Create several datasets with the builder and visualize

In [5]:
from datagen.covshift.selector import  FeatureSelector
from datagen.covshift.builder import  CovShiftBuilder
from datagen.visualize import visualize_shift2d_px, visualize_shift3d_px
from evaluate.evaluate import analyze_data

# configure dataset generation
init_classification = dict(n_samples=5000, n_features=2, n_informative=2, n_repeated=0, n_redundant=0)
selector = FeatureSelector(n_global=1000, n_source=1000, n_target=1000, source_scale=1, target_scale=1, bias_dist=2)
builder = CovShiftBuilder(init_classification, selector)

runs = 2
for _ in range(runs):
    data = builder.generate()
    visualize_shift2d_px(*data)
    metrics = analyze_data(data)
    for key in metrics:
        print(f"{key}: {metrics[key]}")

num-global: 2000
uniqueness-global: 1.0
class-marginal-global: 0.4975
num-source: 1000
uniqueness-source: 0.532
class-marginal-source: 0.514
num-target: 1000
uniqueness-target: 0.711
class-marginal-target: 0.481


num-global: 2000
uniqueness-global: 1.0
class-marginal-global: 0.513
num-source: 1000
uniqueness-source: 0.552
class-marginal-source: 0.509
num-target: 1000
uniqueness-target: 0.701
class-marginal-target: 0.517


In [4]:
from datagen.conceptshift.selector import DomainSelector
from datagen.conceptshift.shifter import Shifter
from datagen.conceptshift.builder import ConceptShiftDataBuilder
from datagen.visualize import visualize_shift2d_px, visualize_shift3d_px
from evaluate.evaluate import analyze_data

# configure dataset generation
init_classification = dict(n_samples=5000, n_features=2, n_informative=2, n_repeated=0, n_redundant=0)
shifter = Shifter(n_domains=2, rot=.25, trans=1, scale=2)
selector = DomainSelector(n_global=1000, n_source=1000, n_target=1000, n_domains_source=1, n_domains_target=1)

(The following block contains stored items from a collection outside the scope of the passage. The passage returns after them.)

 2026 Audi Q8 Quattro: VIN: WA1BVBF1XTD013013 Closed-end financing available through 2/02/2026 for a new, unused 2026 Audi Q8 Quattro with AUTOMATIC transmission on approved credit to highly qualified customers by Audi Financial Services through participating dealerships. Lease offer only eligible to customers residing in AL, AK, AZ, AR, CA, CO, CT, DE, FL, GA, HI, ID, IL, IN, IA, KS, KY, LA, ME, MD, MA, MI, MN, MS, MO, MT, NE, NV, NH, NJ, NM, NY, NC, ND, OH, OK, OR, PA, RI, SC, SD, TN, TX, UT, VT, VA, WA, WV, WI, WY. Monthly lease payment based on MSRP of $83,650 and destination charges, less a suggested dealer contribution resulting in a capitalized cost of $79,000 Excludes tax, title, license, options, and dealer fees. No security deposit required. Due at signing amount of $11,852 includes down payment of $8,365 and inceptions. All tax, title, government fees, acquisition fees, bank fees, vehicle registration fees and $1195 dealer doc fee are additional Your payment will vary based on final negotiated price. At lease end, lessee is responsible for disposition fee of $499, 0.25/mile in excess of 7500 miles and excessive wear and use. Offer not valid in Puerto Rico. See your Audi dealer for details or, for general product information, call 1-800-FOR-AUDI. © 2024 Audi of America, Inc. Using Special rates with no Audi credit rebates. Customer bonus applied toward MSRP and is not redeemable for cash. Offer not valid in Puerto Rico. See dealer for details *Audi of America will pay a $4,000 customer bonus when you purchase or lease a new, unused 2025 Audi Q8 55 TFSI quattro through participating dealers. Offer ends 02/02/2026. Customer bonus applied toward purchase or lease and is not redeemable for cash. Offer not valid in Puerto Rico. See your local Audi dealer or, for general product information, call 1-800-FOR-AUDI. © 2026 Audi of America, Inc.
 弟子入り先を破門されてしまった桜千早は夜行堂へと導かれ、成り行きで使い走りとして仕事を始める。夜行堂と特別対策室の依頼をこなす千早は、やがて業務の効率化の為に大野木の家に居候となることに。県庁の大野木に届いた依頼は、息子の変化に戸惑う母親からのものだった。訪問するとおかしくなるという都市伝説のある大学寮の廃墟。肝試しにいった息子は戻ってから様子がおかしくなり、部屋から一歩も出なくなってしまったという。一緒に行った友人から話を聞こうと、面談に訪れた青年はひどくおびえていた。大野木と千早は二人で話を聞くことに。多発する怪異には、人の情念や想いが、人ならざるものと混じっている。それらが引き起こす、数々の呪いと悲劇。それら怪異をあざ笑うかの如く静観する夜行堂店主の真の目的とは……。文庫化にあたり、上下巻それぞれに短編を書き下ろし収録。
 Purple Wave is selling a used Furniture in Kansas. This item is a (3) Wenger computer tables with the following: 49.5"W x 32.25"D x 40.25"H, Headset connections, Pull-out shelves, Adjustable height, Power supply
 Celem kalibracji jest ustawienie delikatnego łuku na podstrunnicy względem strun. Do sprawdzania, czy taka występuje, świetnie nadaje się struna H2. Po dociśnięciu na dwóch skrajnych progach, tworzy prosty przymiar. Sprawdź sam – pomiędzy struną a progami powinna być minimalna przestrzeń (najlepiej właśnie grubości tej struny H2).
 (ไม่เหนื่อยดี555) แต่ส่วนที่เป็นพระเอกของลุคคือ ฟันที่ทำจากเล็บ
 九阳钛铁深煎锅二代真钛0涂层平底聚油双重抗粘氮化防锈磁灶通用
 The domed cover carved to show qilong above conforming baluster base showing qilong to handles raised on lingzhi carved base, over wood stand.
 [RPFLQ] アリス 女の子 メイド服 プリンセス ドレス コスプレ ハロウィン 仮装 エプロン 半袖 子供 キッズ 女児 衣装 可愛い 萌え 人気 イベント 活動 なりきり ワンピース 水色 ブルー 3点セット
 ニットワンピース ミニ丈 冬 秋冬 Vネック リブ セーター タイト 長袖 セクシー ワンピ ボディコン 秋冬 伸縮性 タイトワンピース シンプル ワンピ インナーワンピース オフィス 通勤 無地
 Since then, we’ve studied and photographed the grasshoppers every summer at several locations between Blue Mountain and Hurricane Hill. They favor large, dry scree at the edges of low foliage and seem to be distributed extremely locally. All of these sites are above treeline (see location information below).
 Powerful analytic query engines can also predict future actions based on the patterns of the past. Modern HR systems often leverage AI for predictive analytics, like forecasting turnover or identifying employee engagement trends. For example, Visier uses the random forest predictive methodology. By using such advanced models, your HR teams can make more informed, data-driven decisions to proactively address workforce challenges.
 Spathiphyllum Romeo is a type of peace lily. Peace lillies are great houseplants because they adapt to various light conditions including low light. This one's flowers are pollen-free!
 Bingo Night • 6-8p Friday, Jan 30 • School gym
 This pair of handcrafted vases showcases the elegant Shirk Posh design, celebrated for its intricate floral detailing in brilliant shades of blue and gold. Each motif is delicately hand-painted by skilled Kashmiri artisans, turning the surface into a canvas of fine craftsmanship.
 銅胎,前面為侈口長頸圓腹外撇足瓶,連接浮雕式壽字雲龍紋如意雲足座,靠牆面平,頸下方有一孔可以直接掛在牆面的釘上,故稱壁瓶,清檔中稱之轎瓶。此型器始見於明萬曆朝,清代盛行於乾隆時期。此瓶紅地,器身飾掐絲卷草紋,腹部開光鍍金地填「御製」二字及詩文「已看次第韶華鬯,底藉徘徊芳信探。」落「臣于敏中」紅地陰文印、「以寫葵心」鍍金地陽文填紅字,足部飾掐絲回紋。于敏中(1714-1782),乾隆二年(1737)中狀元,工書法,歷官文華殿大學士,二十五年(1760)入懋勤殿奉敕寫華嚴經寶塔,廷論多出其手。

builder = ConceptShiftDataBuilder(init_classification, shifter, selector)

runs = 2
for _ in range(runs):
    data = builder.generate()
    visualize_shift2d_px(*data)
    metrics = analyze_data(data)
    for key in metrics:
        print(f"{key}: {metrics[key]}")

num-global: 1000
uniqueness-global: 1.0
class-marginal-global: 0.517
num-source: 1000
uniqueness-source: 1.0
class-marginal-source: 0.485
num-target: 1000
uniqueness-target: 1.0
class-marginal-target: 0.501


num-global: 1000
uniqueness-global: 1.0
class-marginal-global: 0.513
num-source: 1000
uniqueness-source: 1.0
class-marginal-source: 0.499
num-target: 1000
uniqueness-target: 1.0
class-marginal-target: 0.508